Thus $$ h^2(x) = \left( \sum_i \alpha_i \, k(x, z_i) \right)^2 = \sum_i \sum_j \alpha_i \,\alpha_j\, k(x, z_i) \, k(x, z_j) ,$$ which will be in a given RKHS as long as $k(x, z_i) \, k(x, z_j)$ is in the RKHS.

Now specialize to the class of RBF kernels $$ k_\sigma(x, z) = \exp\left( - \frac{1}{2 \sigma^2} \lVert x - z \rVert^2 \right) ,$$ and define the corresponding RKHS as $\mathcal H_\sigma$. (Note that your definition didn't have the 2 in the denominator, which is nonstandard and somewhat misleading; I'll use this one.)

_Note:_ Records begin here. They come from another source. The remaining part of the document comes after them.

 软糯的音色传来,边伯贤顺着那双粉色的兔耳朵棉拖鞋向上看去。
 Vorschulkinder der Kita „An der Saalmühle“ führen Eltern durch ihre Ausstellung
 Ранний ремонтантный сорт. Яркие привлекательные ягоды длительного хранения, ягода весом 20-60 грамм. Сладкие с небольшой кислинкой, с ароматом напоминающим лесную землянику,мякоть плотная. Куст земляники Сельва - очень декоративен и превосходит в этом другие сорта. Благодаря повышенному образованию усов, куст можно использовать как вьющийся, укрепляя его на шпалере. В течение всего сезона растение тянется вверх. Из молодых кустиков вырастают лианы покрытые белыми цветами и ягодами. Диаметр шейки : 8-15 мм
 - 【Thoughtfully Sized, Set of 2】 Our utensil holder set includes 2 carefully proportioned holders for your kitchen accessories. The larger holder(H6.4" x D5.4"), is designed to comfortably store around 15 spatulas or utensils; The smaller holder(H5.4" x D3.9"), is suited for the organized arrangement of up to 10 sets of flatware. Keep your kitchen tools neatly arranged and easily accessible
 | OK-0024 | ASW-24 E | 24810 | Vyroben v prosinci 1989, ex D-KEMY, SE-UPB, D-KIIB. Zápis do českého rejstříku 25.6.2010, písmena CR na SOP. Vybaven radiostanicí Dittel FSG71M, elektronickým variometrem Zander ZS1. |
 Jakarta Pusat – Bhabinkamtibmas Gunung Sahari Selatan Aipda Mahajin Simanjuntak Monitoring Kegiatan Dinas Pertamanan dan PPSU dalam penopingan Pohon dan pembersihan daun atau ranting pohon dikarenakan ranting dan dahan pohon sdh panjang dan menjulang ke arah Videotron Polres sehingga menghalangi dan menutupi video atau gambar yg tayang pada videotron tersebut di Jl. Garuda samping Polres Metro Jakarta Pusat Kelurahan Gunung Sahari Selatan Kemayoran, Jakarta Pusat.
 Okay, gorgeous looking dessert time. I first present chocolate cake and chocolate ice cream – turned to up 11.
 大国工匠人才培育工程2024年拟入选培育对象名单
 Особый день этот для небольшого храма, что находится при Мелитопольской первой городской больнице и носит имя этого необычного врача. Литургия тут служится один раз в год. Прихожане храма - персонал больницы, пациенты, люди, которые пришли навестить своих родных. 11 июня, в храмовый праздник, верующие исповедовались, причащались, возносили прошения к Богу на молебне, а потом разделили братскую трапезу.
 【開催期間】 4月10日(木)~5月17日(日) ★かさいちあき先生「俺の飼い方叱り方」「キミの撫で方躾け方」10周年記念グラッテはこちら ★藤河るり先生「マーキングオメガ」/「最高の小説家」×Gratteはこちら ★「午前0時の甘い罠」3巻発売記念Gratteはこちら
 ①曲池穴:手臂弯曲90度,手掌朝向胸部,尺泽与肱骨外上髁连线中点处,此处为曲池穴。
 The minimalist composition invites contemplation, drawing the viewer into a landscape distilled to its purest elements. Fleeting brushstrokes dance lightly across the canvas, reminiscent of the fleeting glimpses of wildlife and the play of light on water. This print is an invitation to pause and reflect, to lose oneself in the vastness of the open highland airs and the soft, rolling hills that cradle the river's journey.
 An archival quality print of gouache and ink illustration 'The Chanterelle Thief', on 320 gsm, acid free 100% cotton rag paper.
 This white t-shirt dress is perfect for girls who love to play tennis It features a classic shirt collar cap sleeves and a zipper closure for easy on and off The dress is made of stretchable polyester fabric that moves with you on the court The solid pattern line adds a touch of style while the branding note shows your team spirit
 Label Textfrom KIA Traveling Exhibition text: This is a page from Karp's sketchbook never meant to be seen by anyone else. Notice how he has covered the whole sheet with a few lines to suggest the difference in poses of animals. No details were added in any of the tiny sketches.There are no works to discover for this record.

Now, it turns out that: $$ \begin{align} k_\sigma(x, z_i) \, k_\sigma(x, z_j) &= k_{\sqrt{2}\sigma}(z_i, z_j) \, k_{\sigma/\sqrt{2}}\left(x, \frac{z_i + z_j}{2} \right) \end{align} .$$ Thus \begin{align} h^2(x) &= \sum_{ij} \underbrace{\alpha_i \alpha_j k_{\sqrt{2}\sigma}(z_i, z_j)}_{\beta_{ij}} \, k_{\sigma/\sqrt{2}}\Big(x, \underbrace{\frac{z_i + z_j}{2}}_{\zeta_{ij}} \Big) \\&= \sum_{ij} \beta_{ij} \, k_{\sigma/\sqrt{2}}(x, \zeta_{ij}) ,\end{align} and $h^2 \in \mathcal H_{\sigma/\sqrt{2}}$. In the interest of brevity, define $\tau := \sigma / \sqrt{2}$.

Now, turn to the following paper:

Tanaka, Imai, Kudo, and Miyakoshi, Theoretical analyses on a class of nested RKHS's, ICASSP 2011 (doi, author's pdf)

They show a few interesting facts in their Section 5:

First, $H_\sigma \subset H_\tau$ for all $\tau < \sigma$ (Theorem 5), and moreover $\lVert f \rVert_{\mathcal H_\sigma} \ge \lVert f \rVert_{\mathcal H_\tau}$ for every $f \in \mathcal H_{\sigma}$ (consequence of Theorem 4).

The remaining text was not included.